予算が限られている中小規模のネットワーク、または単純なトラフィック統計 (帯域幅の占有やトップアプリケーションなど) のみを必要とするシナリオ。

長期的なリソース占有なしで迅速な展開を必要とする一時的なトラブルシューティングまたは短期的なアプリケーション テスト (新しいシステムの起動テストなど)。

柔軟なトラフィック集約を必要とする、マルチソース ポート/マルチ VLAN の集中監視 (キャンパス ネットワークのユーザー行動監視など)。

データ キャプチャの整合性に対する要件が低い、コア以外のリンク (アクセス層スイッチのユーザー ポートなど) の監視。

3. ハイブリッド使用シナリオ

複雑なネットワーク環境では、「TAP + SPAN」というハイブリッドな導入方法も採用可能です。例えば、データセンターのコアリンクにTAPを導入することで、トラブルシューティングやセキュリティ監査のためのフルボリュームデータキャプチャを実現し、アクセス層またはアグリゲーション層のスイッチにSPANを設定することで、散在するユーザートラフィックを集約し、動作分析や帯域幅統計に活用することができます。これにより、主要リンクの正確な監視ニーズを満たすだけでなく、全体的な導入コストも削減できます。

そのため、ネットワークデータ収集の2つのコア技術であるTAPとSPANには、絶対的な「優劣」はなく、「シナリオ適応性の違い」のみがあります。TAPは「ロスレスキャプチャ」と「安定した信頼性」を中心としており、データの整合性とネットワークの安定性に対する要件が高い重要なシナリオに適していますが、コストが高く、導入の柔軟性が低いという欠点があります。一方、SPANは「ゼロコスト」と「柔軟性と利便性」という利点があり、低コスト、一時的、または非コアシナリオに適していますが、データ損失やパフォーマンスへの影響のリスクがあります。

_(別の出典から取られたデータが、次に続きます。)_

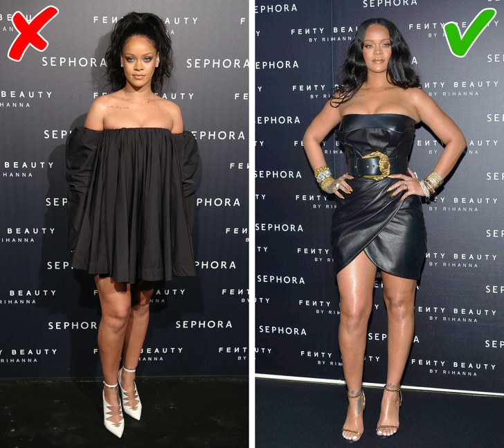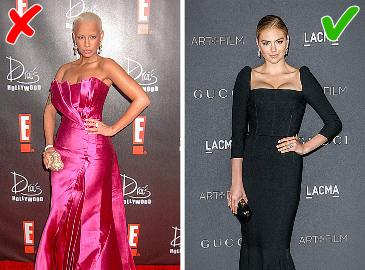Вибирайте сукні та блузки прямого, чіткого крою без зайвих прикрас. І краще, якщо вони будуть із щільної, навіть жорсткої тканини: такий матеріал краще підтримує груди і створює чіткий силует.

実際のネットワーク運用・保守においては、ネットワークエンジニアは、自社のビジネスニーズ(コアリンクであるかどうか、正確な分析が必要かどうかなど)、予算コスト、ネットワーク規模、コンプライアンス要件などに基づいて、最適な技術ソリューションを選択する必要があります。同時に、ネットワーク速度の向上(25G、100G、400Gなど)やネットワークセキュリティ要件の高度化に伴い、TAP技術も絶えず発展しており(インテリジェントなトラフィック分割やマルチポート集約のサポートなど)、スイッチメーカーもSPAN機能の最適化を継続的に進めています(キャッシュ容量の向上やロスレスミラーリングのサポートなど)。今後、この2つの技術はそれぞれの分野でさらに役割を果たし、ネットワーク管理のためのより効率的で正確なデータサポートを提供していくでしょう。